To do:
Nothing but the lines from the one containing "广岛三箭看似场面占优,但全场" through the end of the data should be retyped, exactly as they stand, and pictures should not be retyped.

Dataset content:
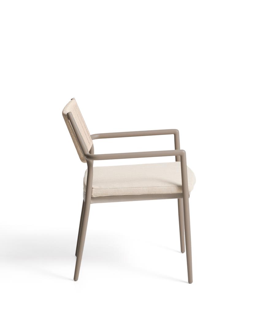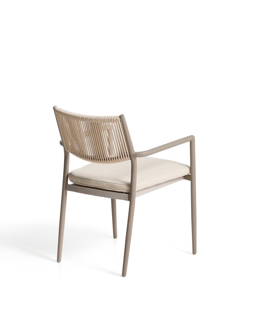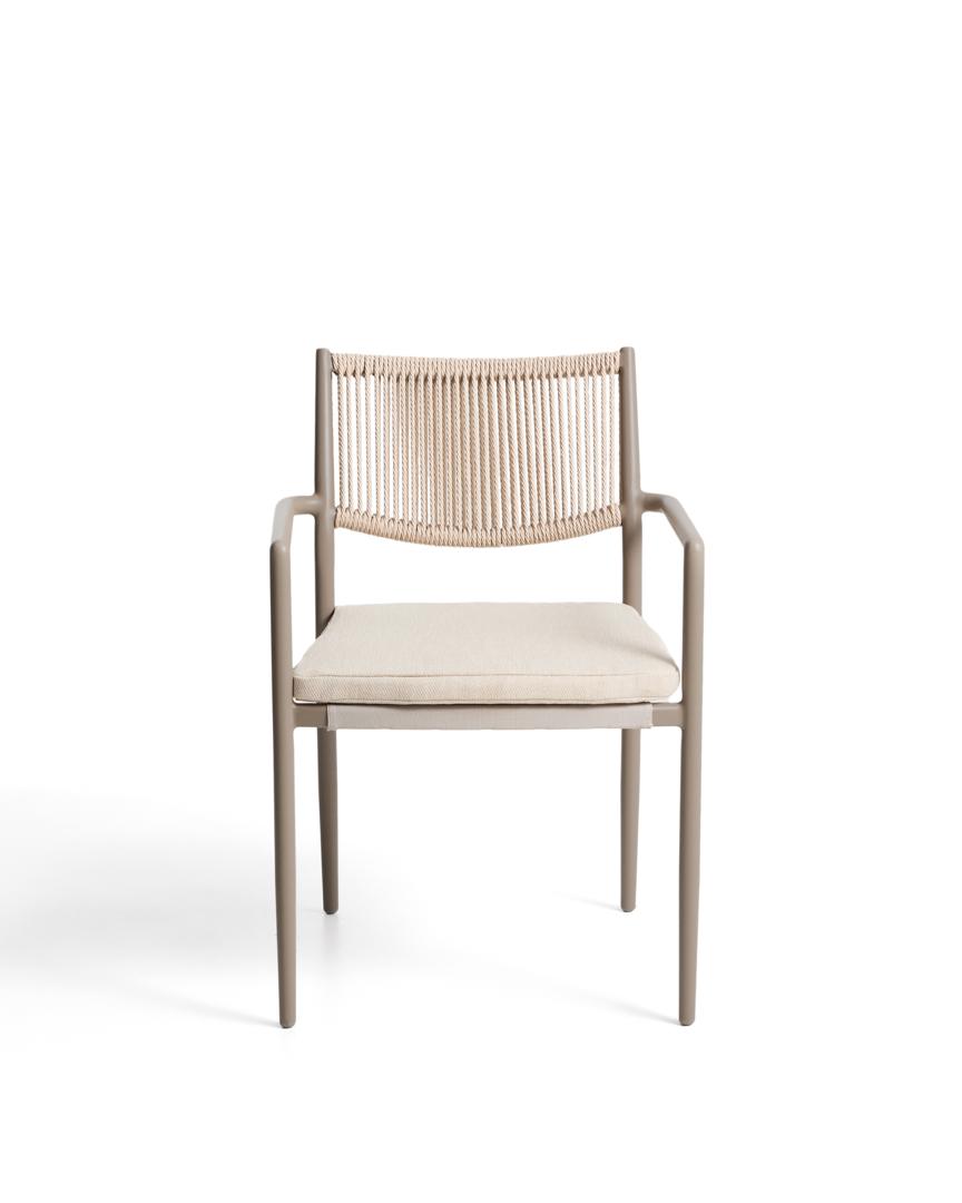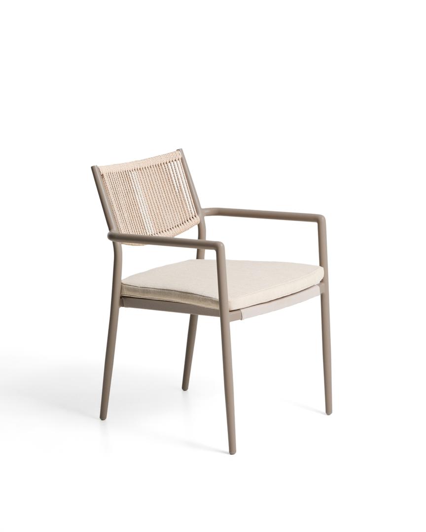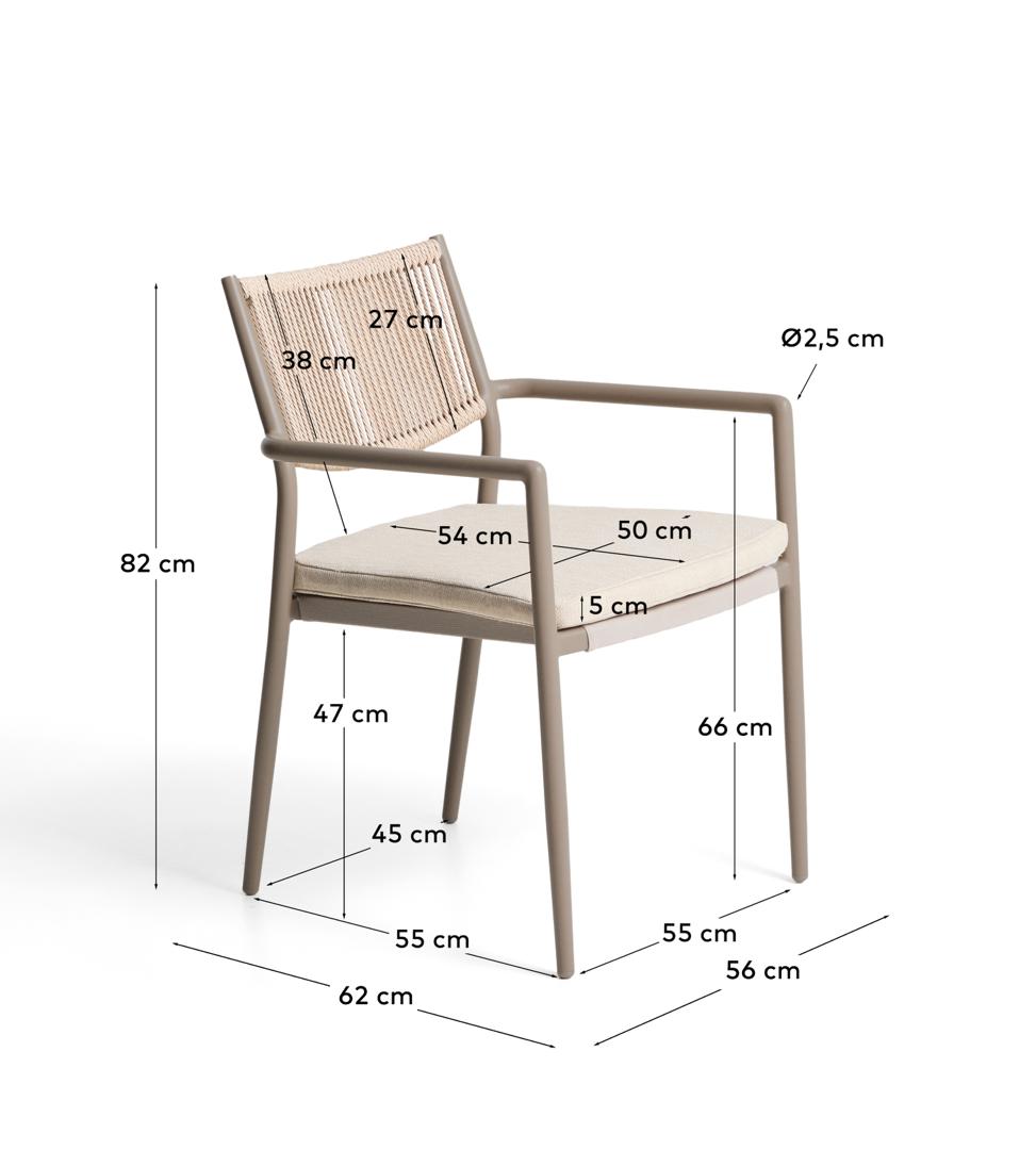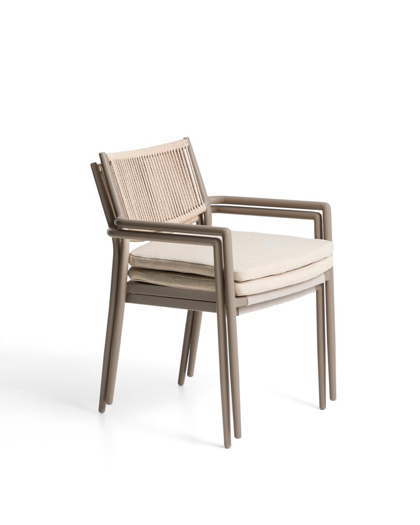 Стул Argasi сочетает в себе легкую конструкцию, прочные материалы и сдержанный дизайн, подходящий как для использования в помещении, так и на открытом воздухе. Его конструкция выполнена из алюминия — прочного материала, который не ржавеет и выдерживает воздействие солнечного света и влаги. Спинка сплетена вручную из синтетического шнура, предназначенного для использования на открытом воздухе, и имеет отделку, придающую ей теплоту и текстуру. Сиденье включает в себя подушку, повышающую комфорт, которую можно легко снять для хранения в дождливую погоду. Стул Argasi штабелируется.
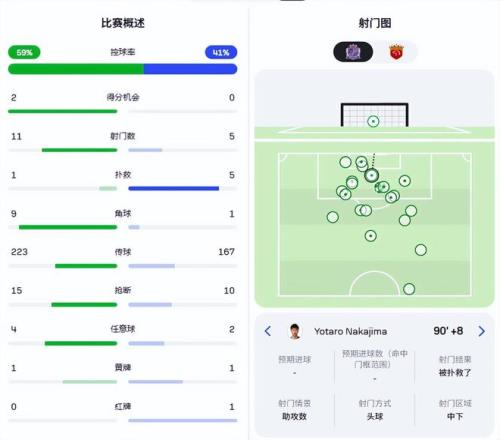 广岛三箭看似场面占优,但全场比赛也只是获得了2次绝佳得分机会(都是角球进攻)。他们在阵地战里,无法有效撕开上海海港的防线,关键点是他们的的进攻主要从上港的右路发起。
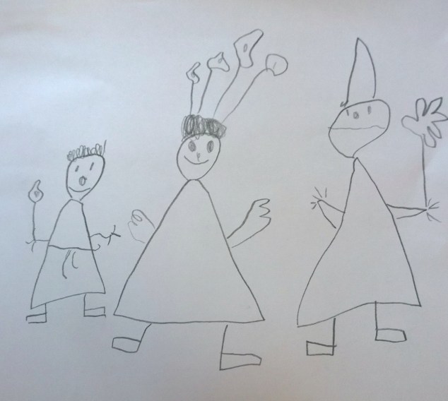 Dottern kom med det här fina luciatåget hon ritat, först kom tärnan, lucian och stjärngossen. Strax därefter pepparkaksgumman och tomtenissen!

Response to this task:
 广岛三箭看似场面占优,但全场比赛也只是获得了2次绝佳得分机会(都是角球进攻)。他们在阵地战里,无法有效撕开上海海港的防线,关键点是他们的的进攻主要从上港的右路发起。
 Dottern kom med det här fina luciatåget hon ritat, först kom tärnan, lucian och stjärngossen. Strax därefter pepparkaksgumman och tomtenissen!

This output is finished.